100%
phishing resistance for passkey-protected accounts (no credential to steal or replay)
80%
of hacking-related breaches involve compromised credentials (Verizon DBIR 2024)
1.4B+
passkeys registered across Google, Apple, and Microsoft platforms by 2025
74%
faster authentication with passkeys vs. password+MFA (FIDO Alliance 2024)

Passkeys are the first authentication technology that is simultaneously more secure and easier to use than passwords. A passkey is a FIDO2/WebAuthn credential: a private key stored on the user's device (protected by biometric or PIN) paired with a public key stored on the server. Authentication requires physical possession of the device and biometric/PIN verification — no password to phish, no OTP to intercept, no push notification to approve-fatigue. CISA and NSA both classify FIDO2 as phishing-resistant MFA, the highest category of authentication assurance. This guide covers what enterprise deployment actually requires.

FIDO2/WebAuthn Architecture: What Passkeys Are

Understanding the cryptographic model is essential for making correct deployment decisions — particularly around device-bound vs. synced passkeys and attestation.

Credential architecture

A passkey consists of a private key stored in hardware (device TPM, secure enclave, or security key) or software (synced credential), and a corresponding public key registered with the relying party (the service or IdP). Authentication is a cryptographic challenge-response: the server sends a challenge, the device signs it with the private key, the server verifies with the stored public key. The private key never leaves the authenticator.

Device-bound passkeys

The private key is bound to a specific hardware authenticator (Windows Hello TPM, Apple Secure Enclave, FIDO2 hardware security key like YubiKey). Cannot be copied or synced. If the device is lost, the credential is lost — requires account recovery. Highest assurance; preferred for privileged and high-sensitivity enterprise use cases.

Synced passkeys

The private key is synchronized across devices via a cloud keychain (Apple iCloud Keychain, Google Password Manager, 1Password). Accessible on any device signed into the same account. More convenient; the credential survives device loss. Appropriate for general enterprise users where the trade-off of cloud keychain access is acceptable.

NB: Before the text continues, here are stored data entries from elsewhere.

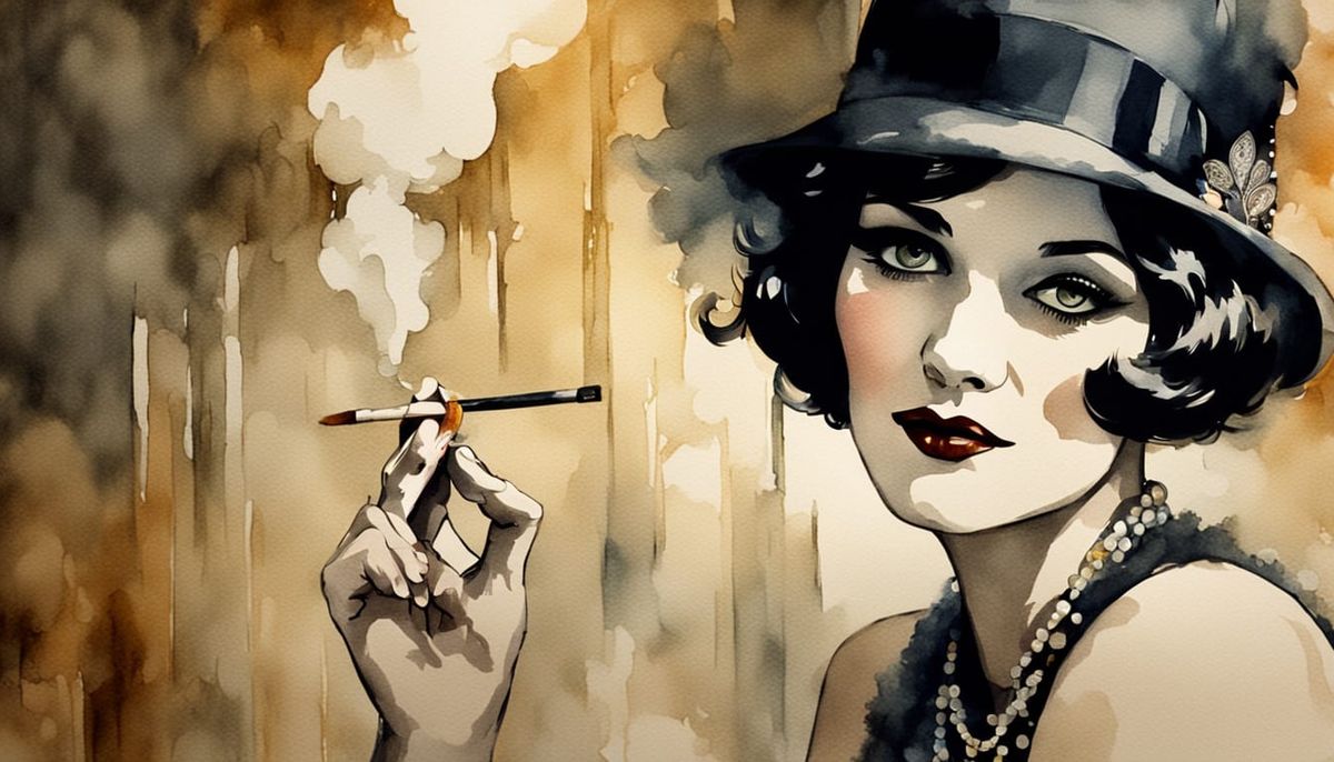 This image shows a flapper girl smoking in a 1920s style speakeasy. The watercolour painting features soft focus, swirling smoke, dim golden lighting, and art deco elements to evoke vintage glamour.
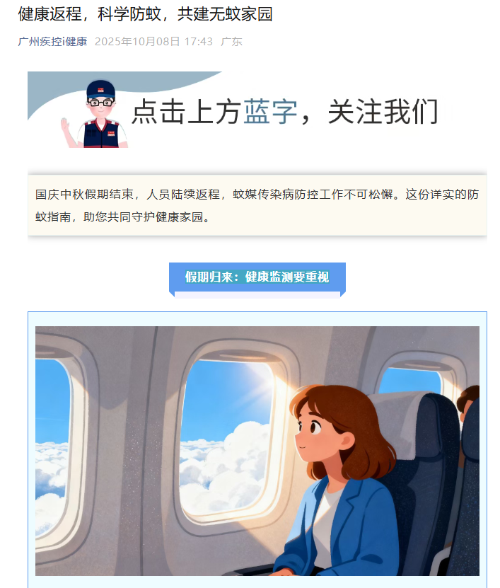 广州疾控也在8日下午发布提示,假期归来要重视健康监测: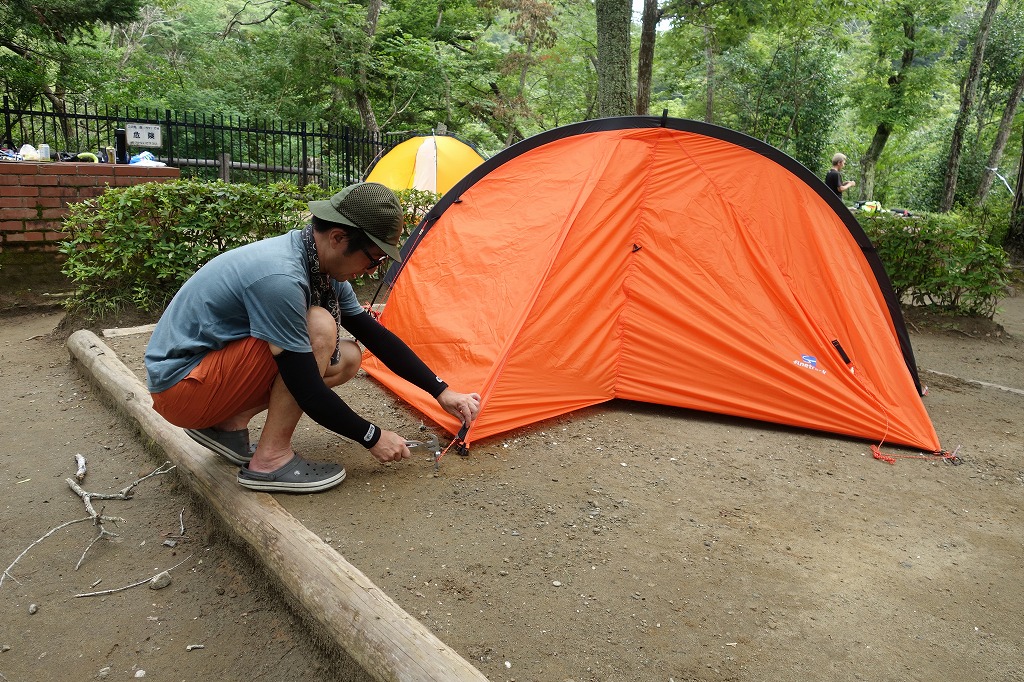 カミナモノポールは非自立式のテントだが、設営はびっくりするほど簡単。まずは底辺の四隅をペグダウン。1本のポールを通す。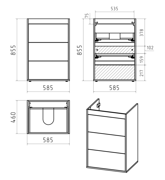 Напольная тумба под раковину Brevita Grafit GRA-01060-013Я под стиральную машину 60см графит

Platform vs. roaming authenticators

Platform authenticators (Windows Hello, Face ID, Touch ID) are built into the device and use the device's biometric. Roaming authenticators (YubiKey, Feitian keys) are external USB/NFC/Bluetooth devices that can be used across multiple systems. Enterprise deployments typically use platform authenticators for most users and roaming authenticators for privileged users or shared workstations.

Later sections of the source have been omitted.